- _EXERCISE INPUTS_

=== Begin Enclosure ===

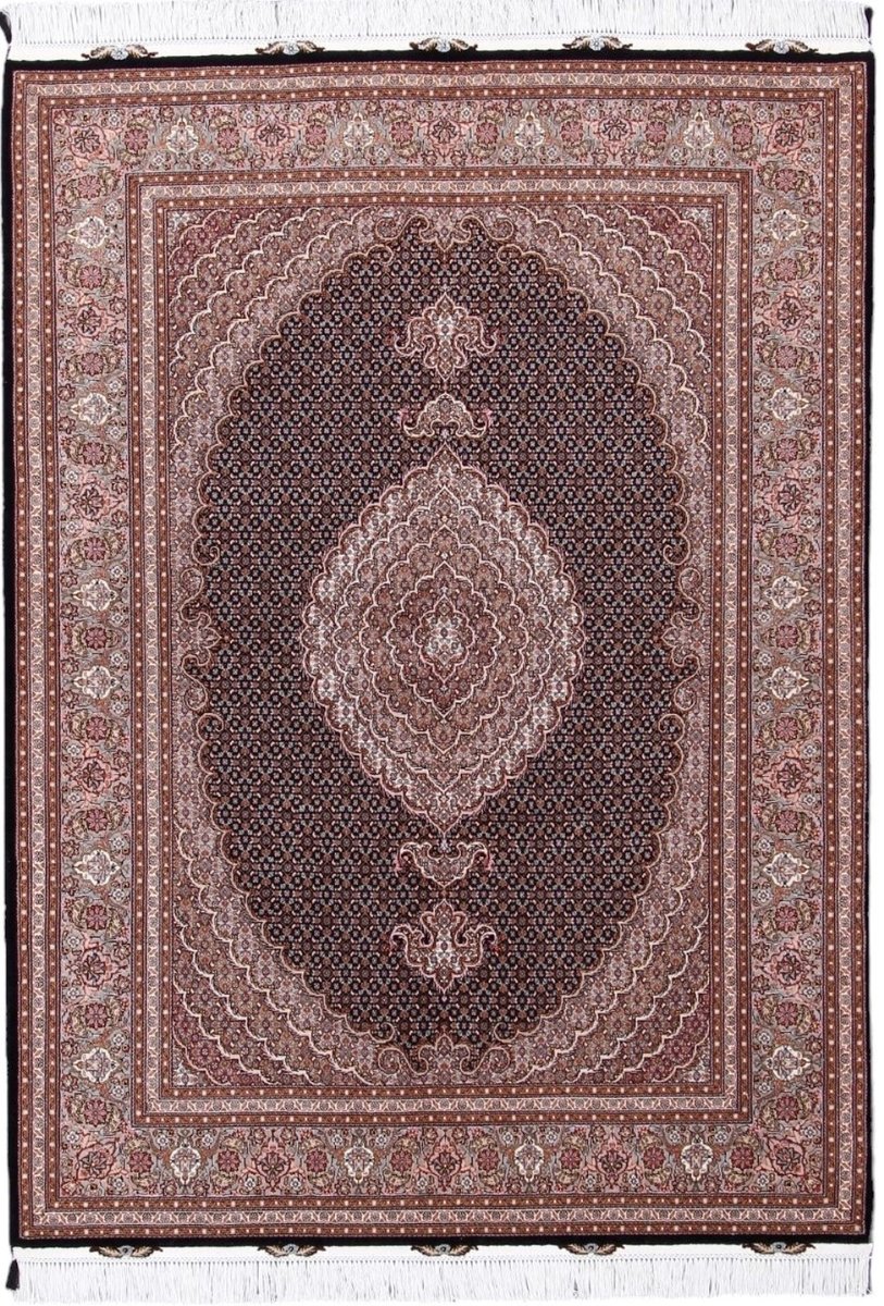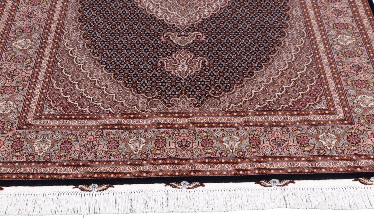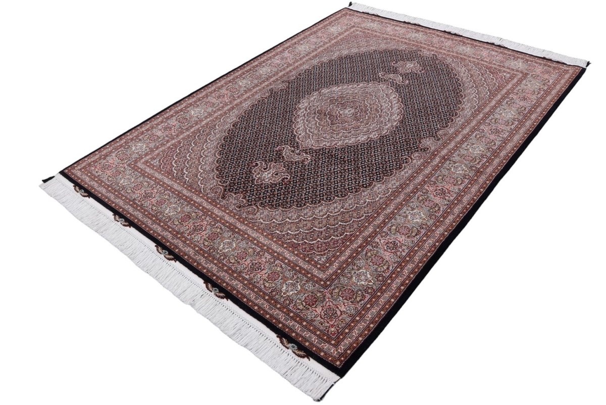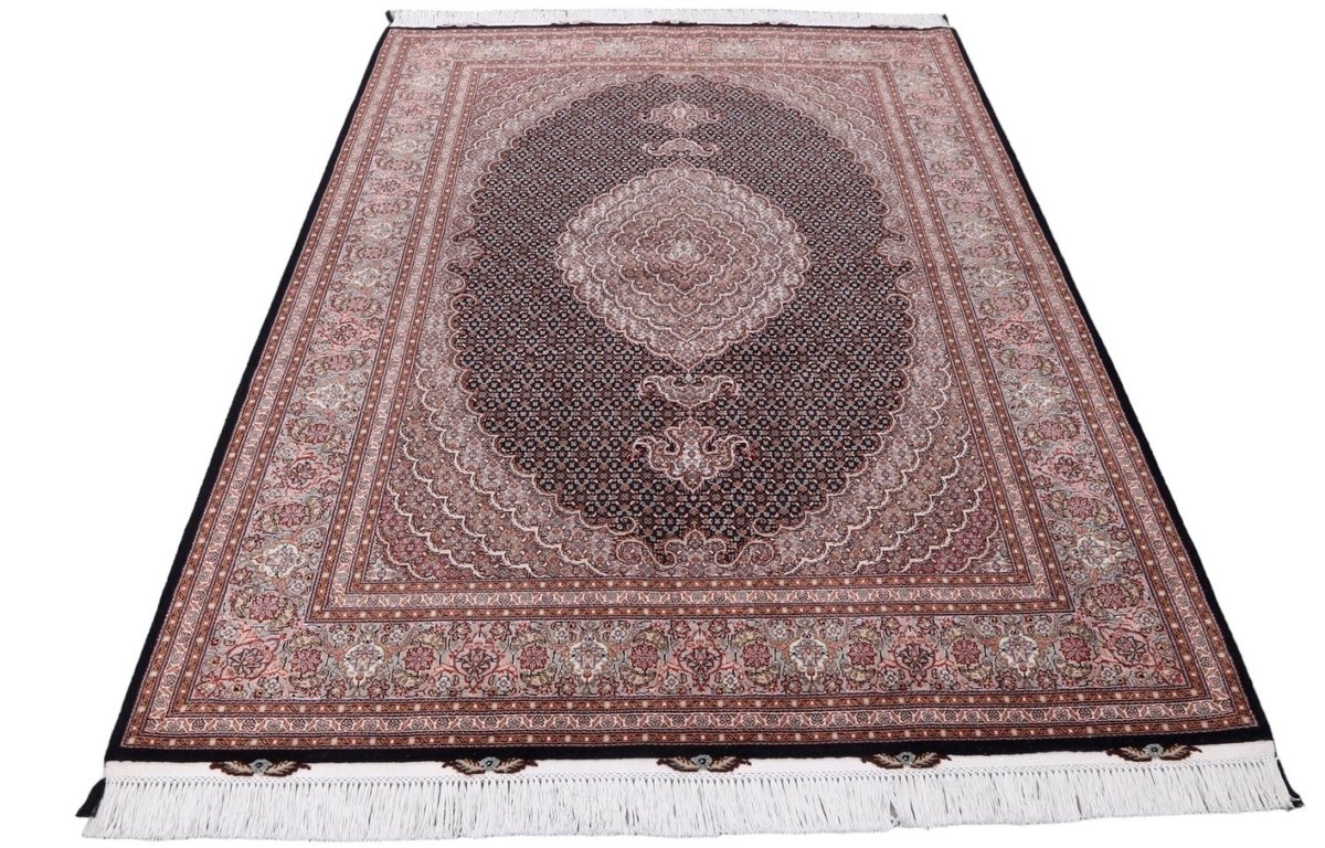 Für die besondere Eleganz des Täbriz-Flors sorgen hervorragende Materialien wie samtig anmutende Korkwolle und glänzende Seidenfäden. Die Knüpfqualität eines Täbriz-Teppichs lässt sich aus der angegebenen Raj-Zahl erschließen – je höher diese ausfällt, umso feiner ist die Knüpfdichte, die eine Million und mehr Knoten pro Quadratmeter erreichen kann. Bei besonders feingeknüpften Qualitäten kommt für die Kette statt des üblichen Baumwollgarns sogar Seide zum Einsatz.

=== End Enclosure ===
=== Begin Enclosure ===

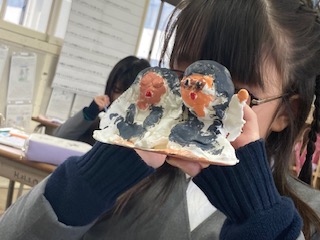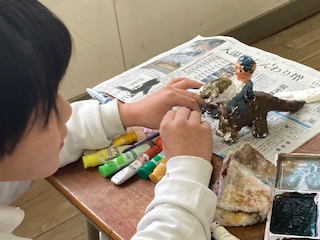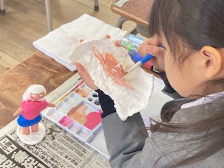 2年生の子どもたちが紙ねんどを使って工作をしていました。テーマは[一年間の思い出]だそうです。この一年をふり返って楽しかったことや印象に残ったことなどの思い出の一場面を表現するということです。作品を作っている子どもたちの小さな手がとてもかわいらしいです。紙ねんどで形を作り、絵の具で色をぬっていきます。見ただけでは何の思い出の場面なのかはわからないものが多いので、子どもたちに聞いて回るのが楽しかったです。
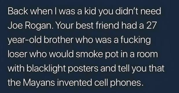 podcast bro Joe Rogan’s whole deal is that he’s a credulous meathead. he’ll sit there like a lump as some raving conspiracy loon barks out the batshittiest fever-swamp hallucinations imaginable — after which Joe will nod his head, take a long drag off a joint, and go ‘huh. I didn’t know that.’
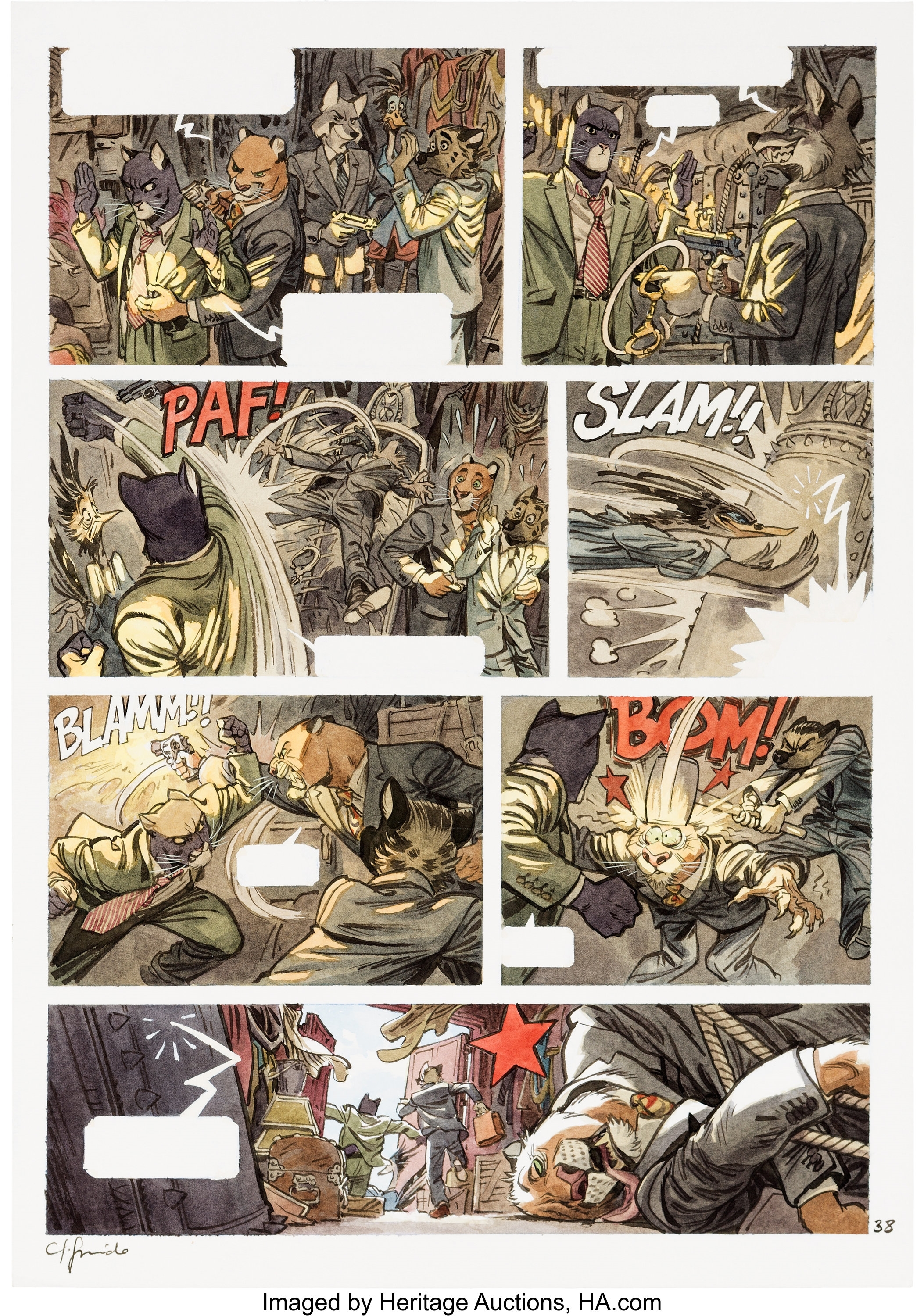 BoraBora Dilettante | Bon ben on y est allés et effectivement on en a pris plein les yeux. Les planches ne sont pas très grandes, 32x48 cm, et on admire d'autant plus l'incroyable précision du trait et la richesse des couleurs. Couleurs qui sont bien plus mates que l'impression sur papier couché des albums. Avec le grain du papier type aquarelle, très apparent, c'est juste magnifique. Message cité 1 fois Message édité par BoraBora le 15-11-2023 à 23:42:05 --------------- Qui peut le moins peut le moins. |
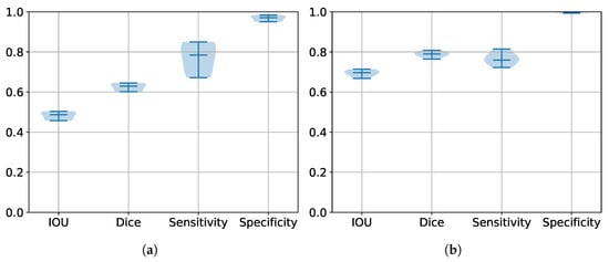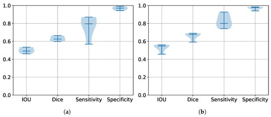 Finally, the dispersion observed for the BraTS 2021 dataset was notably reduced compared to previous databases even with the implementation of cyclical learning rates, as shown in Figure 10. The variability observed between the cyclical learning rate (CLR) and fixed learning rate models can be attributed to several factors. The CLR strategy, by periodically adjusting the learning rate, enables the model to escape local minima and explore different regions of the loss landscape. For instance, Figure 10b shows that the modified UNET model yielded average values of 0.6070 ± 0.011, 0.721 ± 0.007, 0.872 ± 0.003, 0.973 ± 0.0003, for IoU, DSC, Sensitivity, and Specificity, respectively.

=== End Enclosure ===

- _WHAT TO DO_
The reply should hold the entries above from the line with "2年生の子どもたちが紙ねんど" to the line with "podcast bro Joe", duplicated exactly, pictures excluded.

- _EXERCISE SOLUTION_
 2年生の子どもたちが紙ねんどを使って工作をしていました。テーマは[一年間の思い出]だそうです。この一年をふり返って楽しかったことや印象に残ったことなどの思い出の一場面を表現するということです。作品を作っている子どもたちの小さな手がとてもかわいらしいです。紙ねんどで形を作り、絵の具で色をぬっていきます。見ただけでは何の思い出の場面なのかはわからないものが多いので、子どもたちに聞いて回るのが楽しかったです。
 podcast bro Joe Rogan’s whole deal is that he’s a credulous meathead. he’ll sit there like a lump as some raving conspiracy loon barks out the batshittiest fever-swamp hallucinations imaginable — after which Joe will nod his head, take a long drag off a joint, and go ‘huh. I didn’t know that.’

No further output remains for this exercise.